Posts

How can Interpretability help Alignment? 2020-05-23T16:16:44.394Z · score: 31 (12 votes)

Comments

Comment by flodorner on AI Unsafety via Non-Zero-Sum Debate · 2020-07-14T12:39:18.889Z · score: 1 (1 votes) · LW · GW

"My intuition is that there will be a class of questions where debate is definitely safe, a class where it is unsafe, and a class where some questions are safe, some unsafe, and we don’t really know which are which."

Interesting. Do you have some examples of types of questions you expect to be safe or potential features of save questions? Is it mostly about the downstram consquences that answers would have, or more about instrumental goals that the questions induce for debaters?

Comment by flodorner on Tradeoff between desirable properties for baseline choices in impact measures · 2020-07-09T09:52:49.372Z · score: 3 (2 votes) · LW · GW

I like the insight that offsetting is not always bad and the idea of dealing with the bad cases using the task reward.
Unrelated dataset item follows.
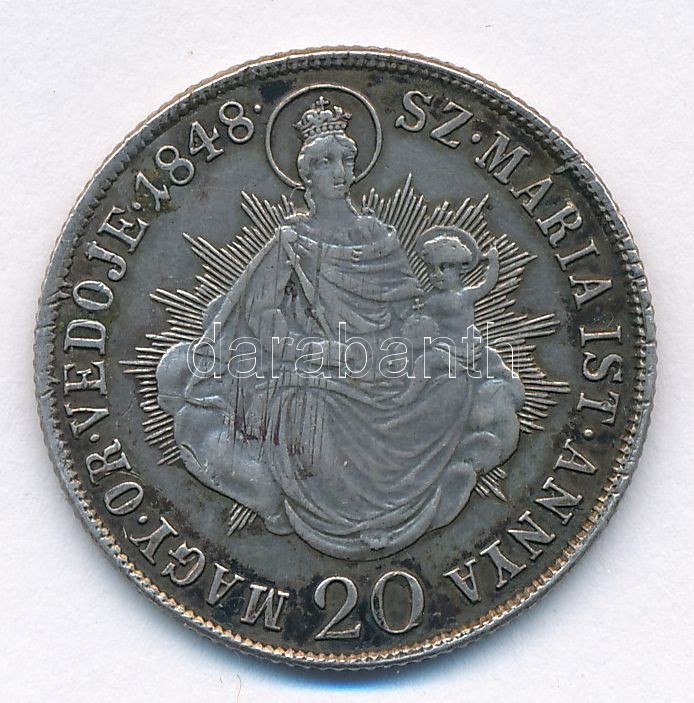 Adamo B5 https://www.darabanth.com/de/402-Fernauktion/402.0/Numismatik/Ungarische-Munzen-und-Munzen-mit-ungarischem-Munzzeichen~2000008/1848B-20kr-Ag-V-Ferdinand-T2-patina-Adamo-B5~II2471732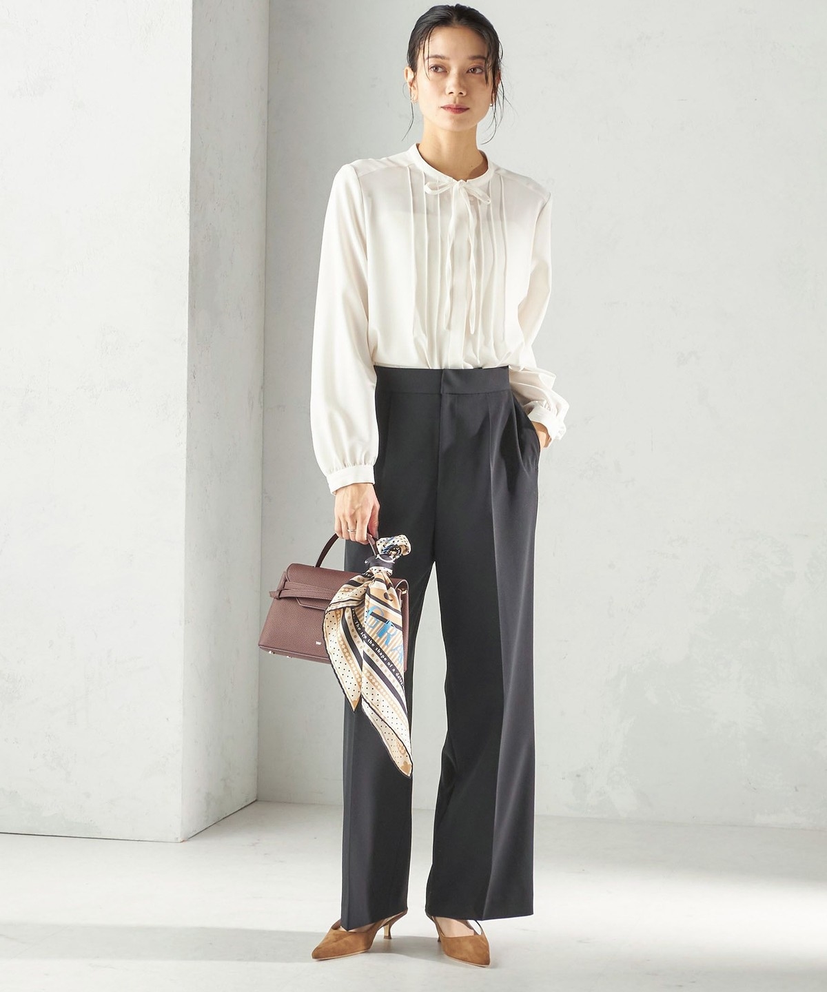 ブラウスと合わせたベーシックな通勤スタイルはもちろん、Tシャツやニットと合わせてカジュアルダウンした着こなしもおすすめです。

State-based reward functions that capture whether or not the task is currently done also intuitively seem like the correct way of specifying rewards in cases where achieving the task does not end the episode.

I am a bit confused about the section on the markov property: I was imagining that the reason you want the property is to make applying standard RL techniques more straightforward (or to avoid making already existing partial observability more complicated). However if I understand correctly, the second modification has the (expectation of the) penalty as a function of the complete agent policy and I don't really see, how that would help. Is there another reason to want the markov property, or am I missing some way in which the modification would simplify applying RL methods?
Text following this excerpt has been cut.